Mr Cooke developed the models after Major David Baxter - a trainee neurosurgeon in the Royal Army Medical Corps - asked the RCS to create a model of the brain and skull for surgeons to practise treating adults with head trauma injuries. Mr Cooke successfully designed the adult models after experimenting with waxes, resin and gelatin.
Miss Mary Murphy, a consultant neurosurgeon at the National Hospital for Neurology and Neurosurgery, suggested it would be useful to develop an infant head model. This was done collaboratively with Mr Cooke, Miss Murphy, Miss Claudia Craven - a Neurosurgery Trainee, and Ms Clare Rangeley – a Sculptor and Medical Model Maker.
Consultant neurosurgeon Miss Murphy, who is Deputy Clinical Director at the National Hospital for Neurology and Neurosurgery, said:
“There are a number of adult models of the head available, but to our knowledge, this is the only infant head model in the world which can be used to practise multiple operations.

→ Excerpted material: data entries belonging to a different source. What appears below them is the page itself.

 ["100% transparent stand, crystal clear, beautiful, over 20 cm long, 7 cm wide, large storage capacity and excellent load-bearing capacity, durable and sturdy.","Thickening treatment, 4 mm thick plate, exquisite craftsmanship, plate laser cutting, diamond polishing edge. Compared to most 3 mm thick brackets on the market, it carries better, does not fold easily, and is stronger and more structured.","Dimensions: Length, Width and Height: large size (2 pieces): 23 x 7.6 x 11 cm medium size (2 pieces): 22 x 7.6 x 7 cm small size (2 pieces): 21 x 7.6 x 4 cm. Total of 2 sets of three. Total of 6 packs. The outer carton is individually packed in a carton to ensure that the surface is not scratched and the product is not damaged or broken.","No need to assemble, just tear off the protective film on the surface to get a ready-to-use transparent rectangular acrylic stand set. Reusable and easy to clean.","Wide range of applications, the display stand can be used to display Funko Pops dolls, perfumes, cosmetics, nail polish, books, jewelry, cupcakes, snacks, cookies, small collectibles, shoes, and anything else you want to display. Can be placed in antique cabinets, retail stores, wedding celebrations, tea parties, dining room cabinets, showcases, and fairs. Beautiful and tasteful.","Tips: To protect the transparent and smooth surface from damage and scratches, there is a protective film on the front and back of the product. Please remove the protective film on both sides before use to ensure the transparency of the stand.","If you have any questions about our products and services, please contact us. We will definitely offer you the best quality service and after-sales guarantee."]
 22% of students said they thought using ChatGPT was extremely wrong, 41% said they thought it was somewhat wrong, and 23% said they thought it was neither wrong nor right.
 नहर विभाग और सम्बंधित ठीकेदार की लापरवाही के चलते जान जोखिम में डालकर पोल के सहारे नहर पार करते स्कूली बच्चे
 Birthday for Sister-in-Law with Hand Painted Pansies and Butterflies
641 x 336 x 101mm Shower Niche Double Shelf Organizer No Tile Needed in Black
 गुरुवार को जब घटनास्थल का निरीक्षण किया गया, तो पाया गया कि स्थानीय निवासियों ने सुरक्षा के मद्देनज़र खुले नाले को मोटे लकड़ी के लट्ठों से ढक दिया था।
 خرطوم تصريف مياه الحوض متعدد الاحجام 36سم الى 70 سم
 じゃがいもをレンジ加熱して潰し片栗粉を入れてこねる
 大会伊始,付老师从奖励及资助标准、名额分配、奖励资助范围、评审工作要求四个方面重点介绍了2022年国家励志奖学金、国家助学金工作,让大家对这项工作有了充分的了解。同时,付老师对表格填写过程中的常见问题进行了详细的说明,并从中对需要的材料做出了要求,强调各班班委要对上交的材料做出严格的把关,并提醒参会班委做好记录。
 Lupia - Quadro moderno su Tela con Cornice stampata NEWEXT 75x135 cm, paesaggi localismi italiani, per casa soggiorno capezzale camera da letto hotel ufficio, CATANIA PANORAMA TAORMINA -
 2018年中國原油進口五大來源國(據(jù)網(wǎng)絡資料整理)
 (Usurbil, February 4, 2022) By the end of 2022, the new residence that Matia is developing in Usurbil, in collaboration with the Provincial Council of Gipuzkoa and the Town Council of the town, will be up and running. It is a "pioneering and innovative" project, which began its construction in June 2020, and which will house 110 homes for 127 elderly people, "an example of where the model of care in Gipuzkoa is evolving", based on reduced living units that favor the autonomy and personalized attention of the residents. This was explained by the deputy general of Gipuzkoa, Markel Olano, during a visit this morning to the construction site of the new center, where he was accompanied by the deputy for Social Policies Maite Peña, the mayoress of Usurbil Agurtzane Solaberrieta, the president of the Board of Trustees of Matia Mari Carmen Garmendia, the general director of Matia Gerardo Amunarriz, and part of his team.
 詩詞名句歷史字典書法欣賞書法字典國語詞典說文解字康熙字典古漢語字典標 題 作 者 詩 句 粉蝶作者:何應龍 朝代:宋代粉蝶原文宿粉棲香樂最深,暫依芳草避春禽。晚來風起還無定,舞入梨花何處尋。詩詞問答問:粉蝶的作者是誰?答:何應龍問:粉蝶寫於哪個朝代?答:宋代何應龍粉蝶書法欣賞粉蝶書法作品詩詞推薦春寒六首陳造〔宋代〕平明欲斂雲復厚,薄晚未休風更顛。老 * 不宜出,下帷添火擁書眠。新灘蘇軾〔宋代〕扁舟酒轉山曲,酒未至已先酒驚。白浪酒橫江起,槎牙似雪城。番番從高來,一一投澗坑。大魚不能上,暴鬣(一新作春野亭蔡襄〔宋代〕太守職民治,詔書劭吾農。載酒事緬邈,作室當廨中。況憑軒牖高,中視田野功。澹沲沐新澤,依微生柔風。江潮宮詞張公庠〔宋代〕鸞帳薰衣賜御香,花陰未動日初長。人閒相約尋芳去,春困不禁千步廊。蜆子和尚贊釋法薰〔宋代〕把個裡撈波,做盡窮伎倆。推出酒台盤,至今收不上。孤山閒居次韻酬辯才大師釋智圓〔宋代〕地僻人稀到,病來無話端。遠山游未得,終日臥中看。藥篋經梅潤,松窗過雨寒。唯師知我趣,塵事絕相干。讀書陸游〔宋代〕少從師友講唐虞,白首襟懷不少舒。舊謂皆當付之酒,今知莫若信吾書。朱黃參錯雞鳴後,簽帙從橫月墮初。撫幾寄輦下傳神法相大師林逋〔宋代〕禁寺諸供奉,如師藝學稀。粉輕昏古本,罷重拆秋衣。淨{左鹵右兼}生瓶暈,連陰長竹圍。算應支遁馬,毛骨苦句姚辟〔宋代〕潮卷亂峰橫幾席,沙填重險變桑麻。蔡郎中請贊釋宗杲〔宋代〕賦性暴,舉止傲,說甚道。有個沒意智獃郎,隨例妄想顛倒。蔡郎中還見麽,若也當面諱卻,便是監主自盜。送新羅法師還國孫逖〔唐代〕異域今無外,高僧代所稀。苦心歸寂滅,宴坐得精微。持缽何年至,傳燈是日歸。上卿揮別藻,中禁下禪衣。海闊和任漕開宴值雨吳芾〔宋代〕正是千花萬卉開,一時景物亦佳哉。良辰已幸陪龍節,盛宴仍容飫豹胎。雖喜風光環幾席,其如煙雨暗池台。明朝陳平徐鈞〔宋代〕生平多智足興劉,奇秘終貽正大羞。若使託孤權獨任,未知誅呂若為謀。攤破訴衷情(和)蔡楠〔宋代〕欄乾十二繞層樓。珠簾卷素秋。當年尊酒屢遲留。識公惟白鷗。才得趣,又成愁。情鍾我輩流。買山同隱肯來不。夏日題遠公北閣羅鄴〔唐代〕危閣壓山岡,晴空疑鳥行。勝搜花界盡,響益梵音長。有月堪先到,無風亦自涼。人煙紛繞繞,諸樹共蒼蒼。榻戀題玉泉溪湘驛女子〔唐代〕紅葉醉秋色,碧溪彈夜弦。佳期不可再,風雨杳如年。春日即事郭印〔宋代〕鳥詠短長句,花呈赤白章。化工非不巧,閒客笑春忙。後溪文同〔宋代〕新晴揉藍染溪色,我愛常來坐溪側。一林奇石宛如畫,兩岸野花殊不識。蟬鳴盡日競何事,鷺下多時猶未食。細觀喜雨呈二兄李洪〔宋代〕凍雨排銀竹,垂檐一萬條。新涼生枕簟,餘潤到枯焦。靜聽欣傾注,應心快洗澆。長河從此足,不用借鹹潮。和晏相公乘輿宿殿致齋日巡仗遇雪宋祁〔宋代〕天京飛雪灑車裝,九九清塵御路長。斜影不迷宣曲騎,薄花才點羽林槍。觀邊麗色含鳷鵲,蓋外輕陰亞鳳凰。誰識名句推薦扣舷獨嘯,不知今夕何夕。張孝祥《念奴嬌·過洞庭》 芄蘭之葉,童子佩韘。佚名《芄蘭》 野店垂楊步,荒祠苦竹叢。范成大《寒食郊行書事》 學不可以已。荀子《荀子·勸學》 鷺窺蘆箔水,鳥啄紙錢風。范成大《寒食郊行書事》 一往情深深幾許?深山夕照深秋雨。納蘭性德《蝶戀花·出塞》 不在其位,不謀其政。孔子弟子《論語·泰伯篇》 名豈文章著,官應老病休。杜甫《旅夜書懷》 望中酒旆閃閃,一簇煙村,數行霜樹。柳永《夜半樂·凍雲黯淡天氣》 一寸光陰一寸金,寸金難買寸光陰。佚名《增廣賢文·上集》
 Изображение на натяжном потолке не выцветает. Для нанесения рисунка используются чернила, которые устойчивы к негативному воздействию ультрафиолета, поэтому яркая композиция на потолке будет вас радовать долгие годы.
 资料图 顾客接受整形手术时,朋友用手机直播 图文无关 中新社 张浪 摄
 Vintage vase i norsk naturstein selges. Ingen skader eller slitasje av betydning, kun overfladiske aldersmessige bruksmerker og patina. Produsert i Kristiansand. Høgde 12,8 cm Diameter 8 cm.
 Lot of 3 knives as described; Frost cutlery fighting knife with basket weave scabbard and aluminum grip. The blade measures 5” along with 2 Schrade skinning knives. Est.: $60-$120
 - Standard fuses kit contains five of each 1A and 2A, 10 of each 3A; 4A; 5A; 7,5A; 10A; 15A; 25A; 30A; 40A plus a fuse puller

“Clearly, it is of paramount importance that trainees have an opportunity to perfect an operation in a simulated environment before performing it for the first time on a child, if this is at all possible.”
Ms Rangeley said: “My brief was to design a model of an 18-month-old child’s skull with a brain tumour and fluid on the brain. Using the 3D print of a skull enabled us to make it very realistic. I was surprised to learn that a toddler’s skull is paper thin in parts - so it’s important for surgeons to experience drilling into different sections so they know how much pressure to apply.
“The brain needed to feel like the human equivalent so that trainee surgeons could practise techniques to alleviate excess fluid on the brain. It was also important that the cerebellum (or base of the brain) and the tumour or blood clot within it, look and feel very realistic, so that the trainee surgeons can identify the various structures and assess how they would proceed in a simulated operation.”
Miss Craven said: “Performing surgery on a baby or toddler is much more high risk because if they lose even a few milliletres of blood it can make a huge difference to their outcomes.
“Rehearsal for complex or high-risk procedures is important in any field of medicine, particularly surgery. We learn in a supported environment in the operating theatre and we often supplement that learning by attending courses, or practising on cadavers.
“There is no child cadaveric material available for surgeons to practise on, in the same way as there is for adults. These very realistic models fill this niche. The models have bespoke anatomy and they are portable, so you could use them in the operating theatre to familiarise yourself with a procedure before an operation, or use them to practise a surgical technique around the kitchen table at home.”
Notes to editors
- Mr Martyn Cooke is Head of the Conservation Unit at the Royal College of Surgeons. He is a trained histologist and prepared patients’ biopsies for medical analysis. He has also had a life-long interest in making models. Mr Cooke combined his two interests in life to design a model skull and brain. This is used by neurosurgeons to practise treating patients who have suffered a head trauma, or to practise removing a brain tumour.
- Miss Mary Murphy is a Consultant Neurosurgeon at the National Hospital for Neurology and Neurosurgery in Queen’s Square, London. She is Deputy Clinical Director of Neurosurgery at the hospital and a former neurosurgery tutor at the Royal College of Surgeons (2010-2013).
- Miss Claudia Craven is a third year Neurosurgery Trainee based in the North Thames region, so she rotates between working at The National Hospital for Neurology and Neurosurgery in Queen’s Square, and the Royal London Hospital.
- Clare Rangeley is a Sculptor and Medical Model Maker. Based near Bristol, she has been a sculptor for over 30 years and making medical models for over 20 years.
- The acronym MARTYN stands for: Model Anatomical Replica for Training Young Surgeons.
- The Royal College of Surgeons of England is a professional membership organisation and registered charity, which exists to advance surgical standards and improve patient care.